## Exercise requirements
Below are records with pictures. Reproduce exactly the lines from the line with "Każda klasa otrzymała" to the line with "MOMDEDP Cat Diamond", inclusive, and leave each picture out.

## Provided information
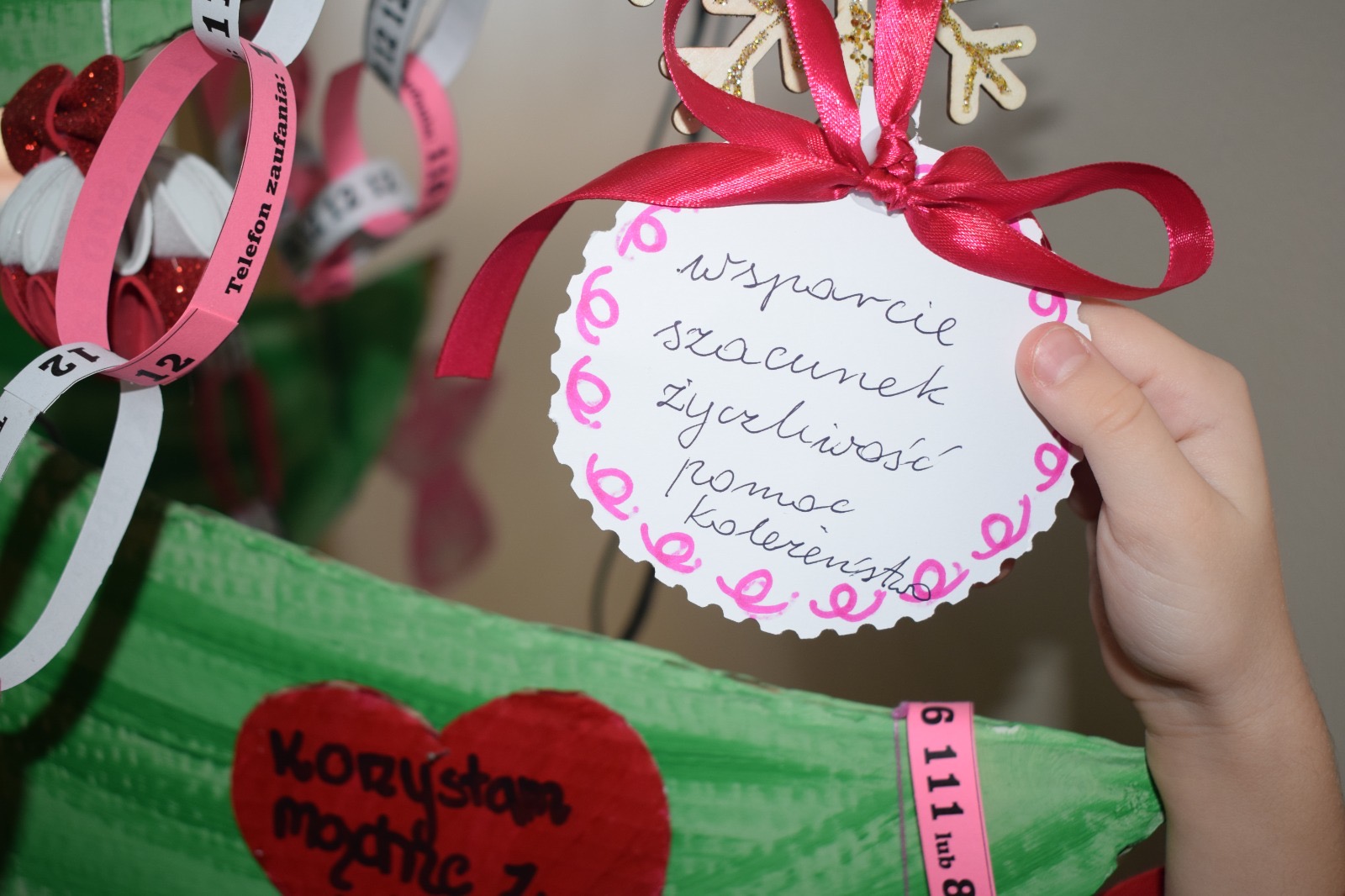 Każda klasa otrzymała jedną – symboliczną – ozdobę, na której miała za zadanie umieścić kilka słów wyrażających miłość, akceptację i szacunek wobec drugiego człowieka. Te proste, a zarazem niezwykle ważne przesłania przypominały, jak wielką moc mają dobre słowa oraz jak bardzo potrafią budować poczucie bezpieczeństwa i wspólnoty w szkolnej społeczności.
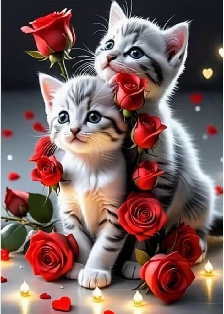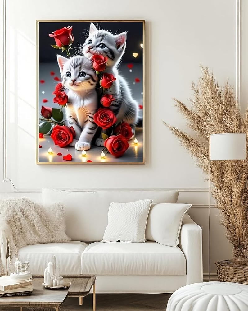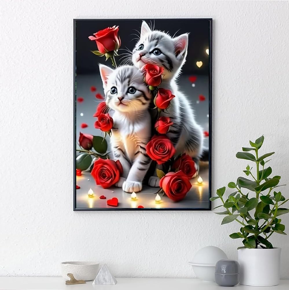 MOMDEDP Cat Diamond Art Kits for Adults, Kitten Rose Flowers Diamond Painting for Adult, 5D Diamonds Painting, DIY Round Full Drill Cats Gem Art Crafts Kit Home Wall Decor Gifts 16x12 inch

==

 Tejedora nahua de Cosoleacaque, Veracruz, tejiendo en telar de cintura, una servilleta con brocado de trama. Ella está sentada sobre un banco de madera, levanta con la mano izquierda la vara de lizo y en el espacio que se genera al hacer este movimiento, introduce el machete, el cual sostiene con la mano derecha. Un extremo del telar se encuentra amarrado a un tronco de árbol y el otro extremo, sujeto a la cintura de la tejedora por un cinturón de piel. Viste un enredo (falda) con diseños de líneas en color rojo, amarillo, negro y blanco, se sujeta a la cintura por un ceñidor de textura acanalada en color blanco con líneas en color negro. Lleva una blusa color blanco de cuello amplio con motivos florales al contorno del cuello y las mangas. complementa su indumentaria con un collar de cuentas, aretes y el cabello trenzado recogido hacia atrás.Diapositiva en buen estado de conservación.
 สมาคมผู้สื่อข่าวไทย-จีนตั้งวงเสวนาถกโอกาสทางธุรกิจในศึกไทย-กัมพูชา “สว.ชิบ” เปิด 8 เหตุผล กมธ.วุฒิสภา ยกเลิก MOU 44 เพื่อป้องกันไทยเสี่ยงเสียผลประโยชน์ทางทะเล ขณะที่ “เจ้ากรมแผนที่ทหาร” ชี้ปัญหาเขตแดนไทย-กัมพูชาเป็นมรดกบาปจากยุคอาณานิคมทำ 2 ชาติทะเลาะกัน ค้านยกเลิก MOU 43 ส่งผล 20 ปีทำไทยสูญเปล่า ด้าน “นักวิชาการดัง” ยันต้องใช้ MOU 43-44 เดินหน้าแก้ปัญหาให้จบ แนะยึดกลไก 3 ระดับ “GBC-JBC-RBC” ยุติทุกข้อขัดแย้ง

## Exercise result
 Każda klasa otrzymała jedną – symboliczną – ozdobę, na której miała za zadanie umieścić kilka słów wyrażających miłość, akceptację i szacunek wobec drugiego człowieka. Te proste, a zarazem niezwykle ważne przesłania przypominały, jak wielką moc mają dobre słowa oraz jak bardzo potrafią budować poczucie bezpieczeństwa i wspólnoty w szkolnej społeczności.
 MOMDEDP Cat Diamond Art Kits for Adults, Kitten Rose Flowers Diamond Painting for Adult, 5D Diamonds Painting, DIY Round Full Drill Cats Gem Art Crafts Kit Home Wall Decor Gifts 16x12 inch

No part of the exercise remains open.